Biomassareststromen. Biomassareststromen omvatten afval- en restfracties van biomassa die 1) niet gebruikt worden waarvoor de biomassa oorspronkelijk bedoeld was of geproduceerd werd, 2) vrijkomen en mobiliseerbaar zijn en 3) waarvoor een ander, nuttig gebruik mogelijk is.

Denk maar aan reststromen van de voedingsindustrie, dierlijke bijproducten, gft-afval, sloophout, reststromen van de houtindustrie of stromen die voortkomen uit het beheer van tuinen, parken, bermen, natuur en landschap.
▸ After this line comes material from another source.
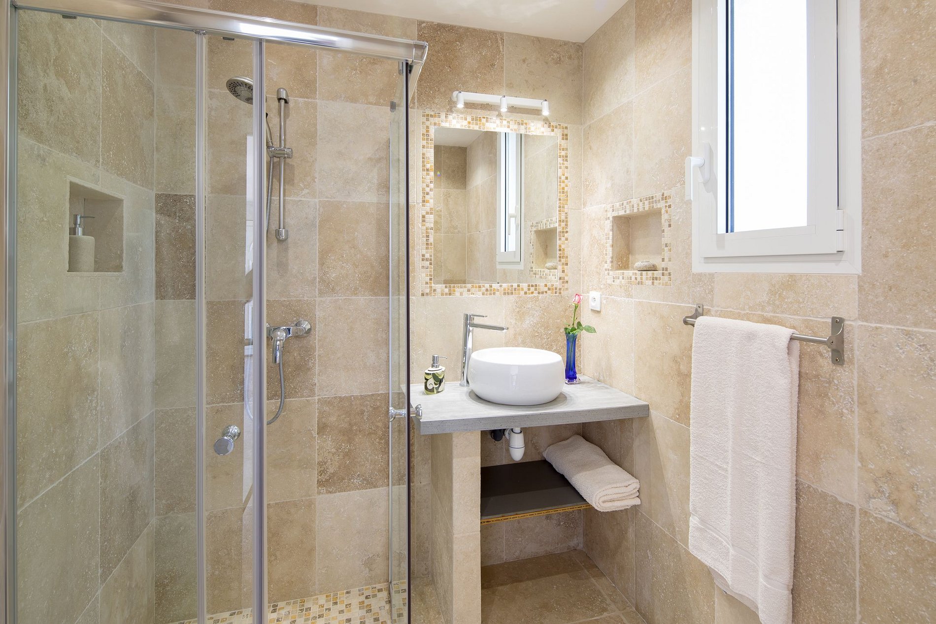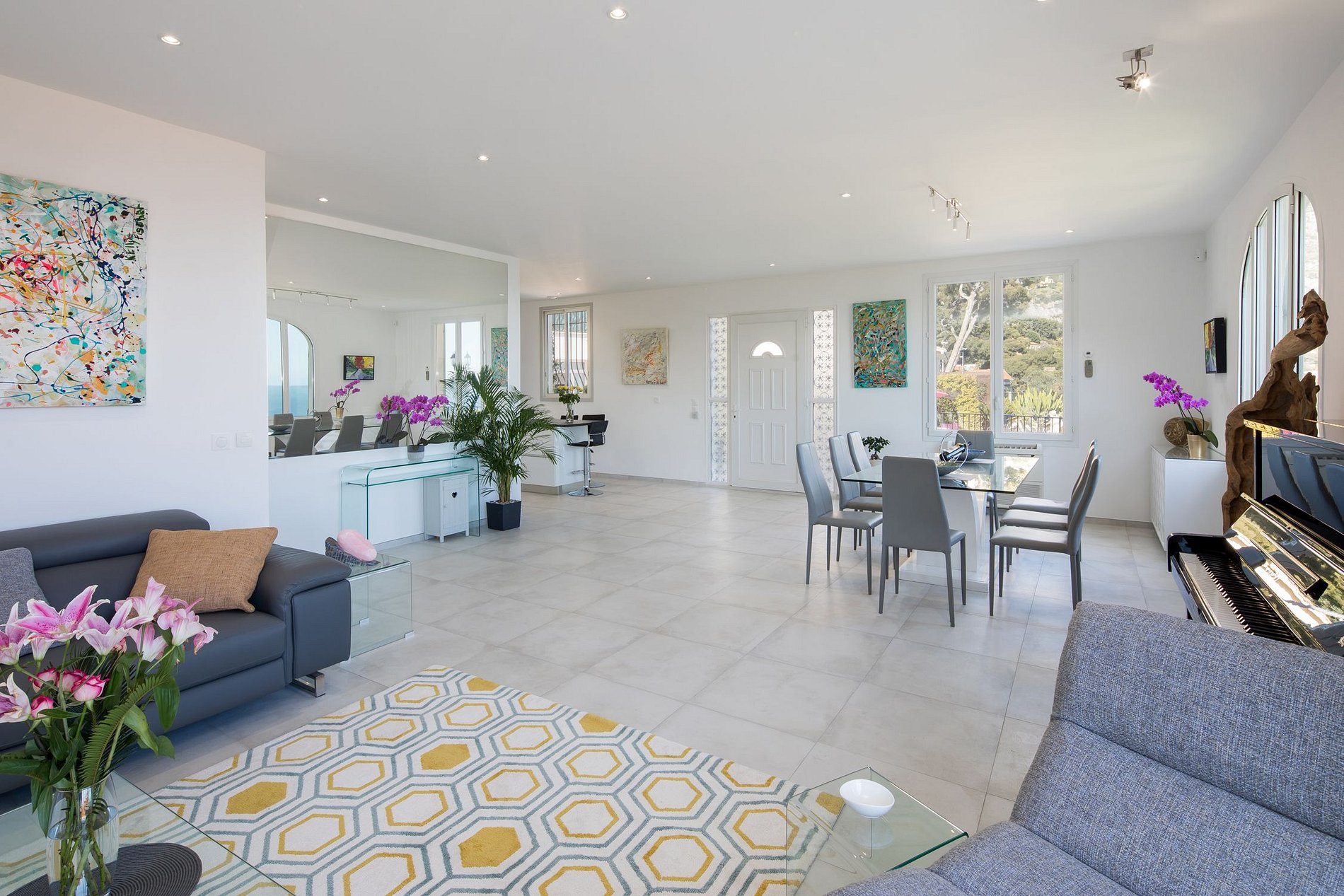 This modern-style property is beautifully furnished and well equipped and can accommodate up to 8 people in 4 en suite rooms (an additional baby bed can be provided upon request). The spacious and cozy living room with fireplace, piano, comfortable sofa, and spacious dining area at the other end of the room, opens onto the garden and two large terraces that are perfect for romantic dining with the sea, garden, and mountain views. The indoor, fully equipped kitchen opens into the living room and dining room. All bedrooms represent spectacular views of the garden or the pool with panoramic views of the Mediterranean sea and floor-to-ceiling windows that bring in spectacular light.

Energieteelten zoals wilg/populier vallen niet onder de biomassareststromen; die teelt men doelbewust om er bio-energie uit te halen.
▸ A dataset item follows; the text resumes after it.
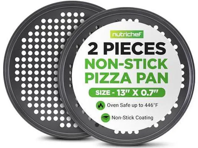 Elevate your baking experience with the NutriChef 2-Pack 13 Non-Stick Pizza Pans. Crafted from commercial-grade carbon steel, these durable pans are designed to handle high temperatures up to 446°F (230°C), ensuring your pizza is baked to perfection every time. The stylish gray non-stick coating ensures effortless cleanup, while being dishwasher safe and resistant to stains. These versatile pans are perfect for baking pizza, cookies, and other treats, delivering consistent results for all your baking needs. Built to last, theyre the reliable, eco-friendly addition to your kitchen.

Dierlijke mest is ook een reststroom, en wordt meegenomen voor zover het samen met andere biomassa(rest)stromen wordt verwerkt.

Circulaire economie. Een economisch systeem dat bedoeld is om herbruikbaarheid van producten en grondstoffen te maximaliseren en waardevernietiging te minimaliseren. In de circulaire economie of kringloopeconomie gaan we efficiënter om met grondstoffen, materialen, energie, water, ruimte en voedsel door kringlopen slim te sluiten.

Dierlijke en plantaardige vetten en oliën (def. VLAREMA). Alle eetbare dierlijke of

plantaardige oliën en vetten, en een mengsel ervan, die geschikt zijn om aangewend te worden bij het frituren van voedingsmiddelen, als vermeld in het koninklijk besluit van 22 januari 1988 betreffende het gebruik van eetbare oliën en voedingsvetten bij het frituren van

voedingsmiddelen, door huishoudens of professionele gebruikers.

Einde afval. Wanneer is afval niet langer afval en wordt het een nieuwe grondstof of nieuw product? De Europese kaderrichtlijn Afval heeft specifieke aandacht voor ‘einde afval’. Het Materialendecreet neemt de basisvoorwaarden voor het toekennen van het label ‘einde afval’

over uit de Europese kaderrichtlijn Afval. Voor biomassamaterialen zijn op Vlaams niveau specifieke milieuparameters en eisen vastgesteld voor gebruik als bodem, als meststof of bodemverbeterend middel. Andere toepassingen zijn ook mogelijk volgens het

Materialendecreet.

Gft-afval (def. VLAREMA). Groente-, fruit- en tuinafval dat afkomstig is van het gescheiden ingezamelde organische deel van het huishoudelijk afval. Het omvat plantaardig

composteerbaar keukenafval en het gedeelte van het tuinafval dat bestaat uit niet-houtig, fijn materiaal.

Groenafval (def. VLAREMA). het composteerbaar organisch afval dat onder meer vrijkomt in tuinen, plantsoenen, parken, oevers van waterlopen en wegbermen en natuurgebieden.

Groenbeheer. Alle activiteiten die vermeld worden in de definitie van groenafval cf. het VLAREMA(groenafval: het composteerbaar organisch afval dat onder meer vrijkomt in tuinen, plantsoenen, parken, oevers van waterlopen en wegbermen en natuurgebieden) met

uitzondering van de natuurgebieden die omwille van hun manier van beheren eerder aansluiten bij de arealen die onder ‘open ruimte’ worden omschreven.